Bisher hatte ich ein paar feste Beziehungen, bei denen ich Anfangs Feuer und Flamme war. Aber schon nach ein paar Monaten fand ich alles langweilig, eintönig und hab mich jedes Mal gefragt, ob es das nun gewesen ist. Läuft das Leben wirklich so ab, dass man sich in einer Beziehung gefangen vorkommt, sich langweilt?

Ich sehe ja, dass das bei anderen Paaren offensichtlich nicht der Fall ist und diese auch nach Jahren verliebt sind, wie am ersten Tag....

Wieso klappt das bei mir nicht. Gehe ich einfach nur zu schnell an die Beziehungen ran, ohne vorher zu warten, wie die Person wirklich ist? Gebe ich mich Illusionen hin? Verliebe ich mich einfach zu schnell?

Wann, wo und wie habt ihr Euern Partner kennengelernt? Wie lange hat es gedauert, bis ihr zusammengekommen seid? Und wie lange hat es gehalten?

Was habt ihr gegen Eure "Verlustängste" getan?

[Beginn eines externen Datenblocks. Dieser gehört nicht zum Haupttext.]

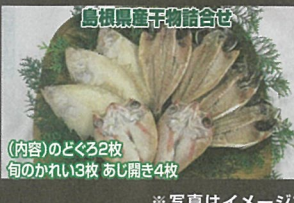
鳥根黒産子物詰合せ (内容)のどろろ2枚 旬のかれい3枚 あじ開き4枚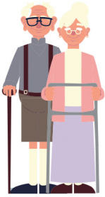
100 വയസ്സായ 2.18 ലക്ഷം വോട്ടർമാർ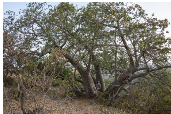
I Wadi Hanna finns några jättelika baobabträd.

Vidare österut och den vassrika kustlokalen Wadi Stimah. Vi traskade oss österut i den mjuka sanden för att få bättre sikt. Stora spökrabbor Ocyrode sp. fanns nere på havsstranden och inne i lagunen låg bl.a. sex vitögda dykänder, 30 större flamingos, ett par revhägrar, några silkeshägrar och en vardera av rallhäger och bronsibis. Tofstärnor jagade och längre upp i lagunen sågs ett 20-tal Saunders småtärna, samt en småtärna. På återvägen upptäcktes en gulärta som såg bra ut som en östlig gulärta Motacilla tschutschensis , t.ex. grå hjässa, nacke och rygg, men obsen var för kort för att vi skulle hinna ta bilder och inget läte hördes – den östliga låter vid oro som en citronärta, d.v.s. inte som t.ex. en feldegg .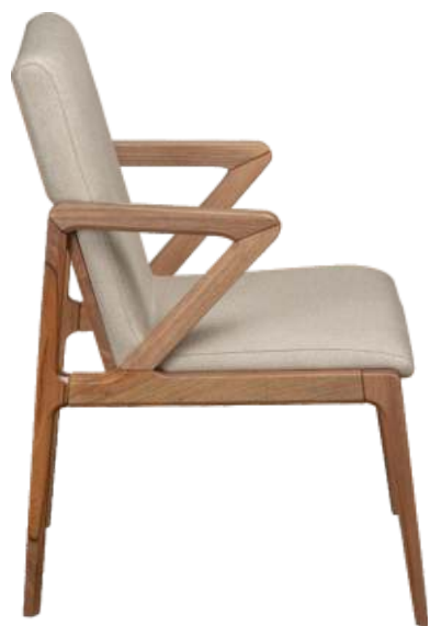
FOTO DO PRODUTO EM JEQUITIBÁ NATURAL TECIDO 0062618 PHOTO OF THE PRODUCT IN JEQUITIBÁ WOOD FABRIC 0062618 FOTO DEL PRODUCTO EN JEQUITIBÁ NATURAL TEJIDO 0062618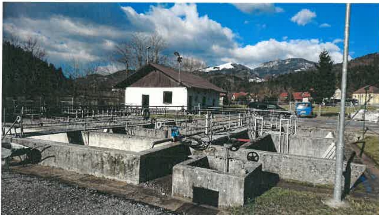
Foto: Čistilna naprava Gornji Grad

Tudi v letu 2019 ni bilo izvedeno: naprava za dehidriranje odpadnega mulja, naprava za sprejem grezničnih muljev, lamele lamelnega usedalnika.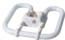
Hřejivá bílá Ciepłobiały Tёплый Белый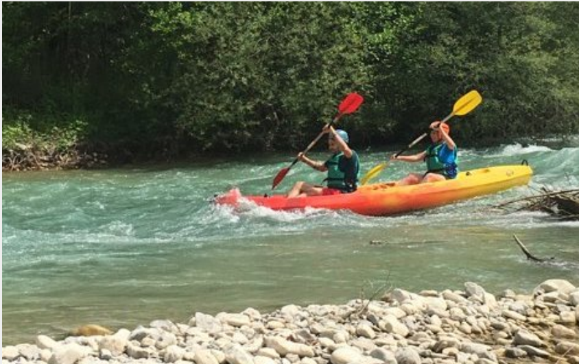
Crédit photo : PArcours Pont de quart Saint croix CA,océ kayak Drome (Drome aventure)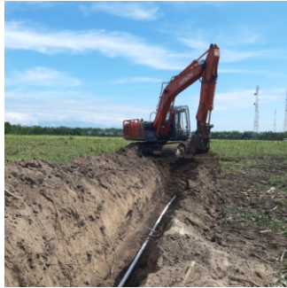
Gambar 5. Penggalian jaringan dan penimbunan pipa dengan excavator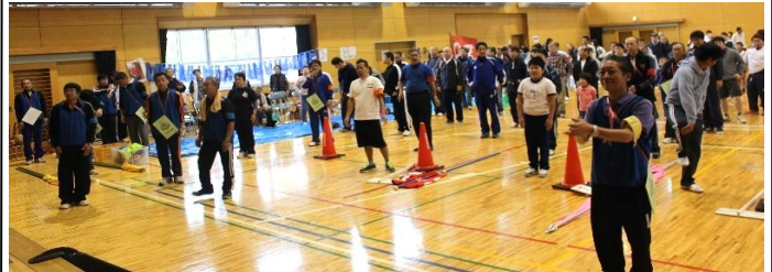
▲室内での運動会となりました〔開会式から〕

※市民運動会に、多くの商店・事業所等から「副賞」を頂きました。深くお礼を申し上げます。また、前日の準備や当日の大会運営に携わって頂いた実行委員〔スタッフ等〕の皆さん、本当にありがとうございました。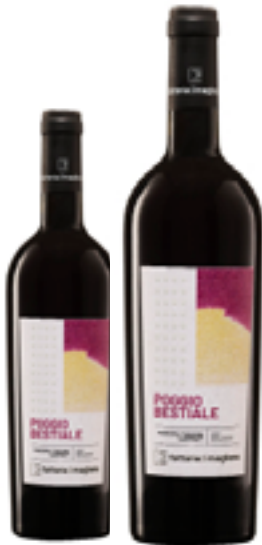
MAREMMA TOSCANA DOC BIO POGGIO BESTIALE 40% Cab. Sauv. - 30% Cabernet Franc 25% Merlot - 5% P. Verdot DISP. 0.375 L, 1.5 L, 3 L, 5 L, 9 L, 12 L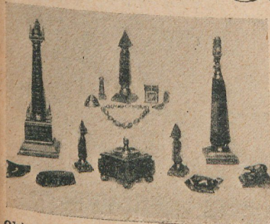
Objetos de adorno, de carbón, hechos por un minero del condado de Derby

OBJETOS DE CARBÓN TALLADO. —El maquinista de una mina del condado de Derby (Inglaterra), dedicó sus ratos de ocio durante muchos años á construir objetos de adorno de carbón antracita. Esta afición le exigía mucha paciente labor y gran habilidad. En la fotografía se ve un trozo del carbón con que se hicieron los objetos representados.

Ich weiß, das sind sehr viele Fragen, aber vielleicht hat jemand ein paar Antworten für mich?

21.03.2009 12:34 • 21.03.2009 #1


9 Antworten ↓


Hallo Wohin

Gegen Verlustangest hilft Vertrauen (ist nicht einfach, aber man kann es lernen)
Gegen "Schnellebigkeit" hilft echte und tiefe Liebe (sagt einem das Herz)
Gegen Langeweile hilft Austausch (verschiedene Interessen, Meinungen)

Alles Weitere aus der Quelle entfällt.